Records to use START

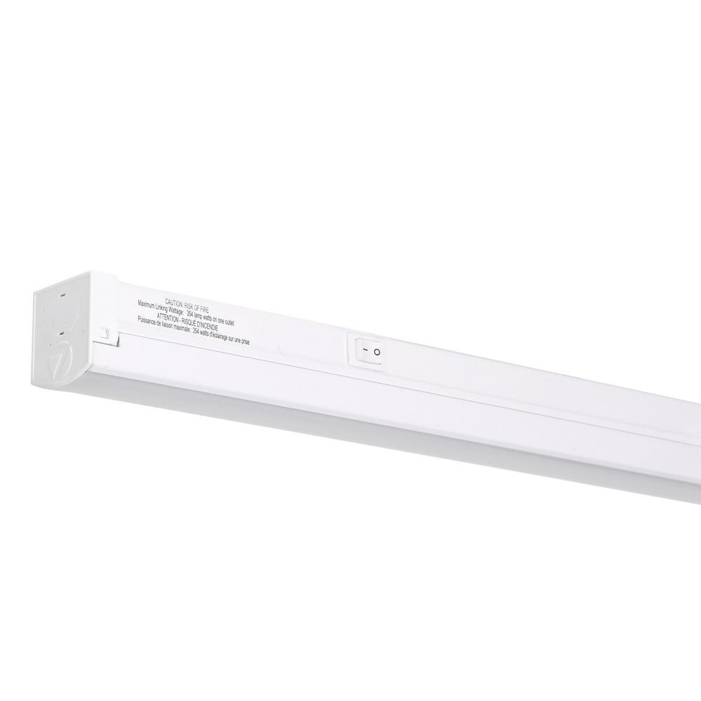 The 4 ft. LED Linkable Strip from Lithonia Lighting is suitable for surface mount applications. This fixture includes an end to end connector so you can connect additional Linkable strips. An 18 in. linking cord is sold separately if you want to space out multiple fixtures and link them all together. Other accessories (sold separately) for this fixture include a 5 ft. power cord and J-box cover. On/Off rocker switch is on the fixture as well. This fixture has integrated LED's built into the fixture, meaning no bulbs required and have a 50,000 hour life. Ideal applications for this Linkable strip are coves, under cabinets, garages, utility rooms, offices and home theaters.
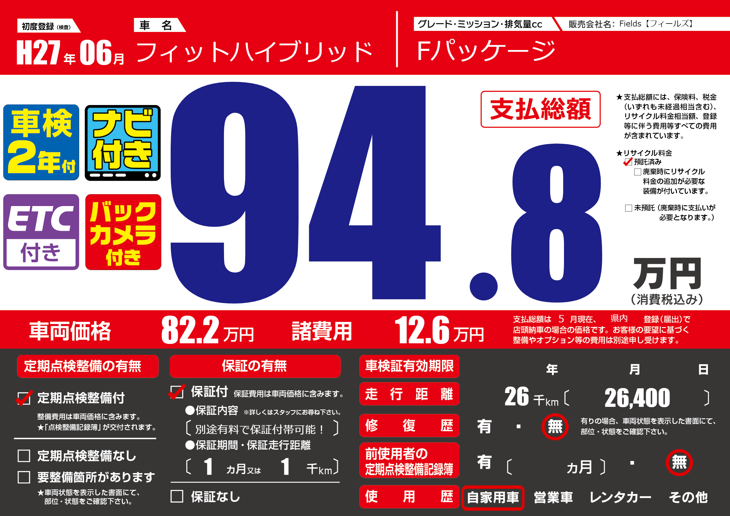 | 走行キロ | 2.6万km | 初年度登録 | H27年06月 |
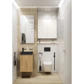 Keuze Uit Twee Waskommen: De mogelijkheid om te kiezen tussen een glanzend witte of een matzwarte wastafel biedt extra ontwerpmogelijkheden voor jouw badkamerstijl.
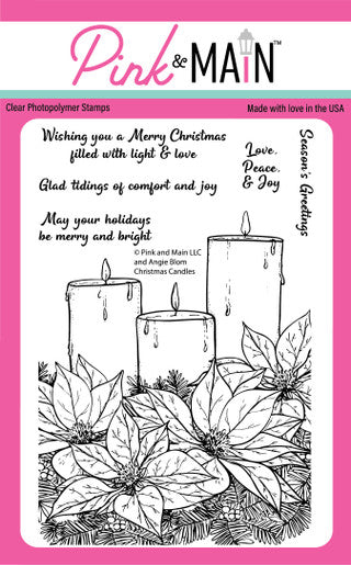 Create warm, heartfelt holiday cards with glowing pillar candles surrounded by detailed poinsettias and evergreen branches. Pair the elegant imagery with festive greetings for handmade cards that shine with peace and joy.
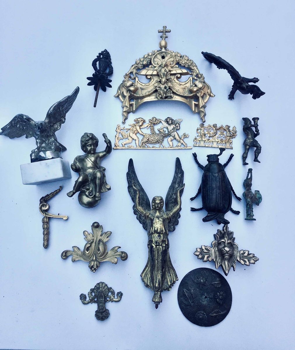 20 fregi, due in bronzo, gli altri in lamierino; più numerosi fregi e statuette in bronzo di epoche, misure e provenienze diverse.
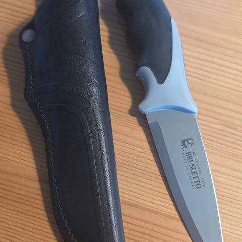Robust jaktkniv i rustfritt stål og med blad godt egnet for jakt. Orange nylon grep gjør kniven synlig. Solid slire i kraftig nylonweb. En god jaktkniv. Bladlengden 8,5 cm, total lengde 20,5 cm. Porto kr 80,- kommer i tillegg.
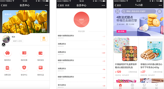 ☛ 储值卡管理:支持会员在移动端查看最新储值余额及自助充值,会员可查询储值余额、消费明细;
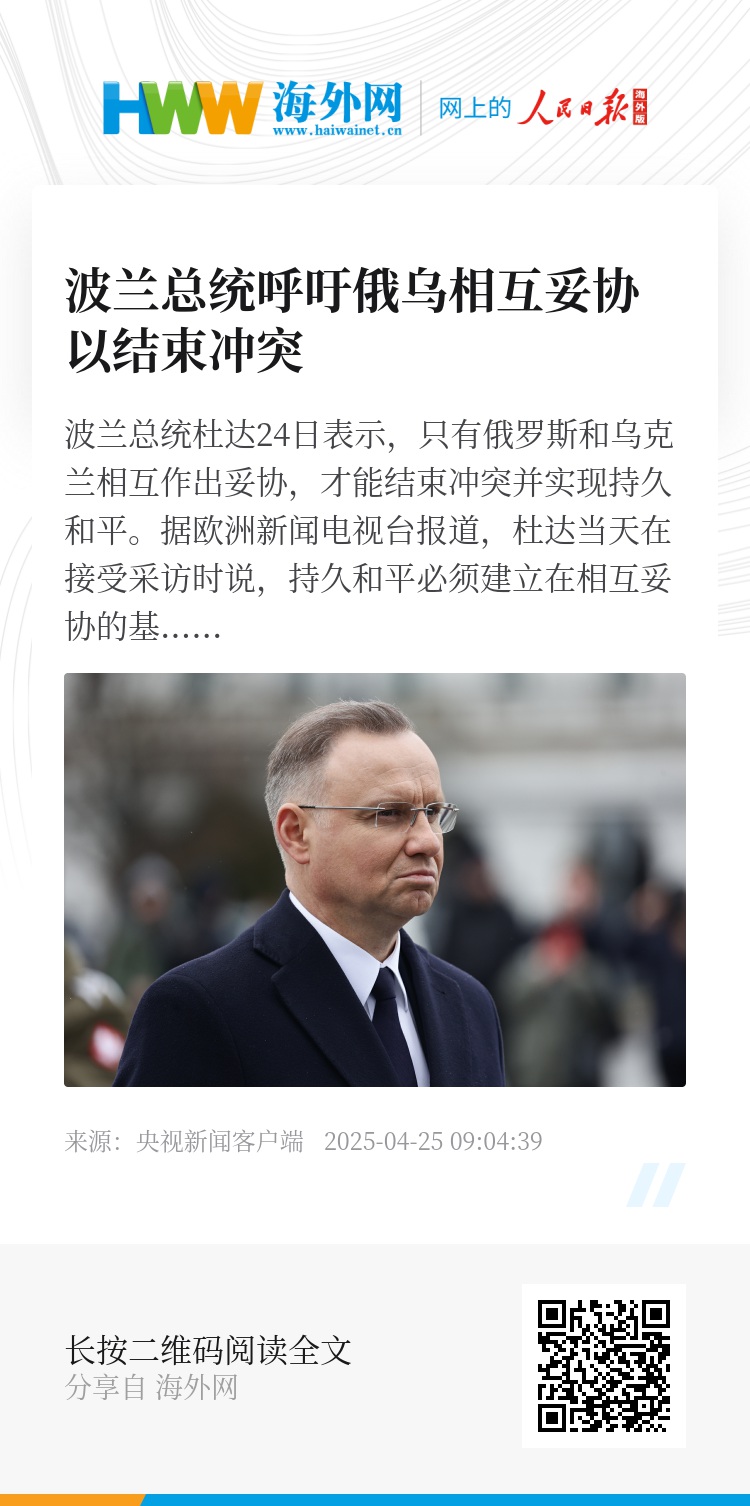 波兰总统杜达24日表示,只有俄罗斯和乌克兰相互作出妥协,才能结束冲突并实现持久和平。
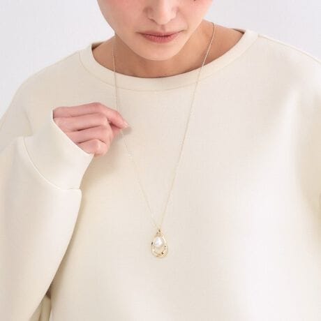 メタルのしずくにフェイクパールを合わせたロングネックレス
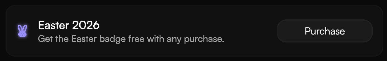 The Easter 2026 badge is awarded to users who have purchased any product during the 2026 Easter Sale.
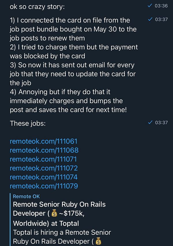 tie card from job post bundle payment of May to the job posts to renew them and try to renew them but the card declines payment so now it has emailed Toptal to update the card for each job after which it will auto bump them
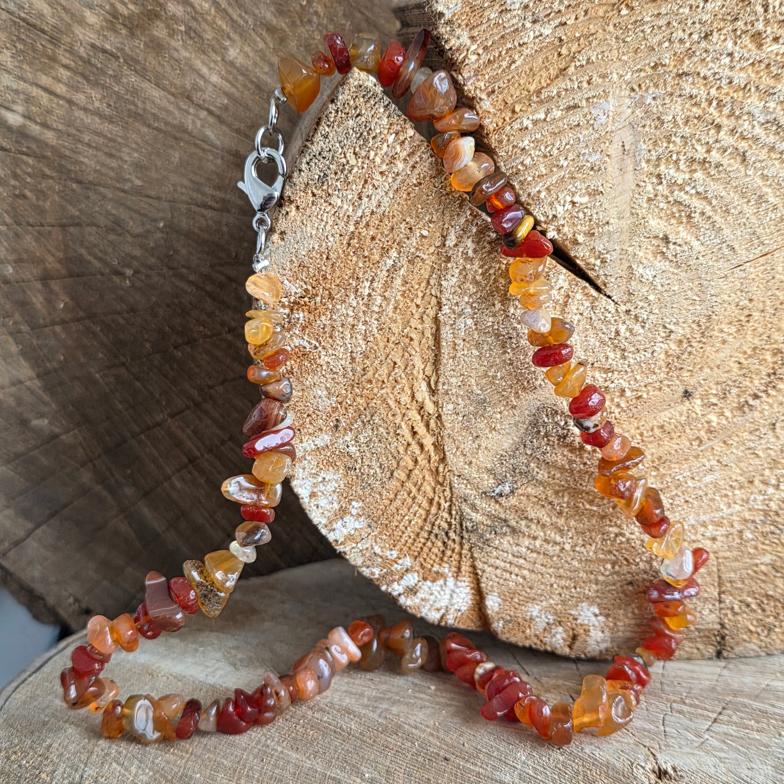 Un collier court et vibrant créé à partir de chips de cornaline naturelle, qui porte la lueur des couchers de soleil enflammés et l'énergie primaire de la Terre. Chaque morceau de cornaline, aux teintes allant de l'orange vif au rouge brique translucide, apporte une touche de chaleur et de courage à celui qui le porte.
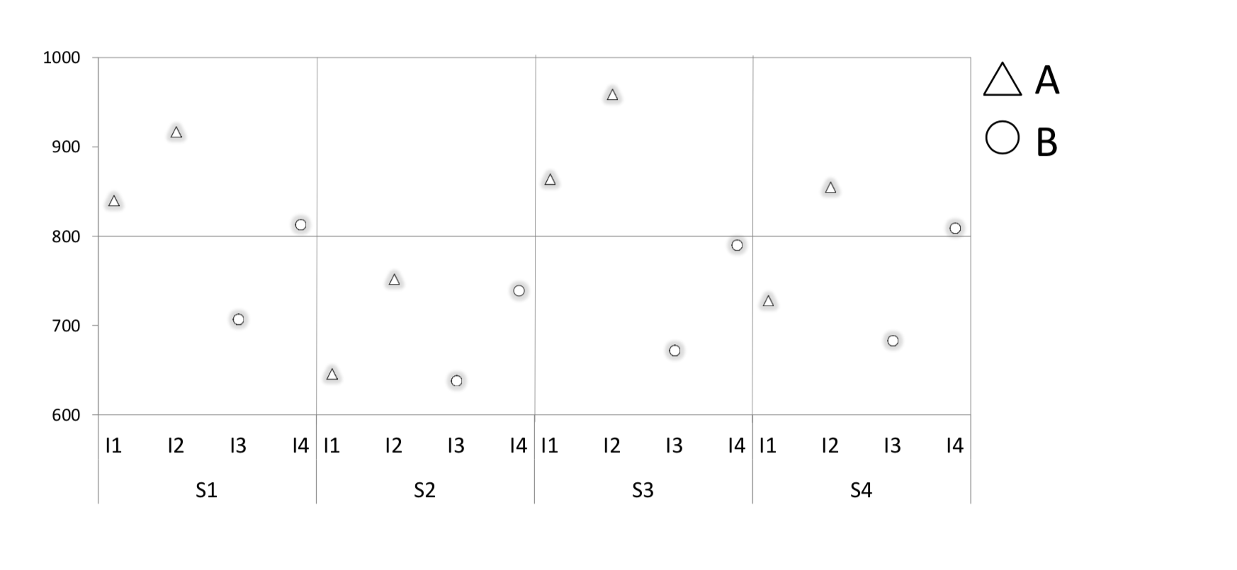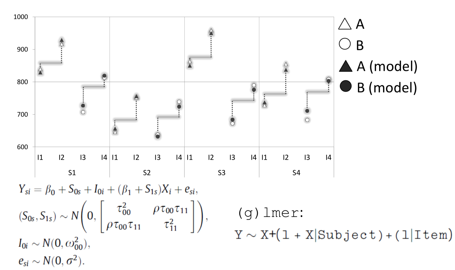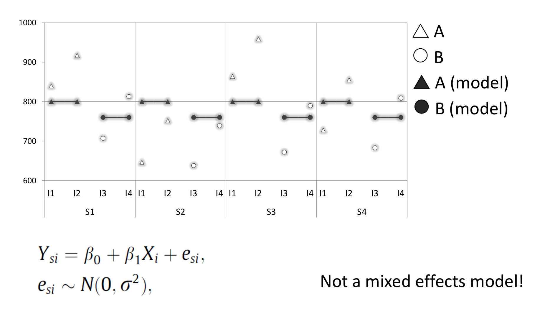 In the following example, borrowed from Barr et al. (2013), we look at a hypothetical experiment that examines the effect of “stimulus type” (A and B) on reaction times (RTs measured in ms). Our sample has only 4 subjects (S1 to S4) each of whom judged 4 items (I1 to I4). The resulting 16 data points are illustrated below.

Records to use END

All pictures must be left out. Reproduce exactly the lines from the one containing "Un collier court" to the final line of the entries.

 Un collier court et vibrant créé à partir de chips de cornaline naturelle, qui porte la lueur des couchers de soleil enflammés et l'énergie primaire de la Terre. Chaque morceau de cornaline, aux teintes allant de l'orange vif au rouge brique translucide, apporte une touche de chaleur et de courage à celui qui le porte.
 In the following example, borrowed from Barr et al. (2013), we look at a hypothetical experiment that examines the effect of “stimulus type” (A and B) on reaction times (RTs measured in ms). Our sample has only 4 subjects (S1 to S4) each of whom judged 4 items (I1 to I4). The resulting 16 data points are illustrated below.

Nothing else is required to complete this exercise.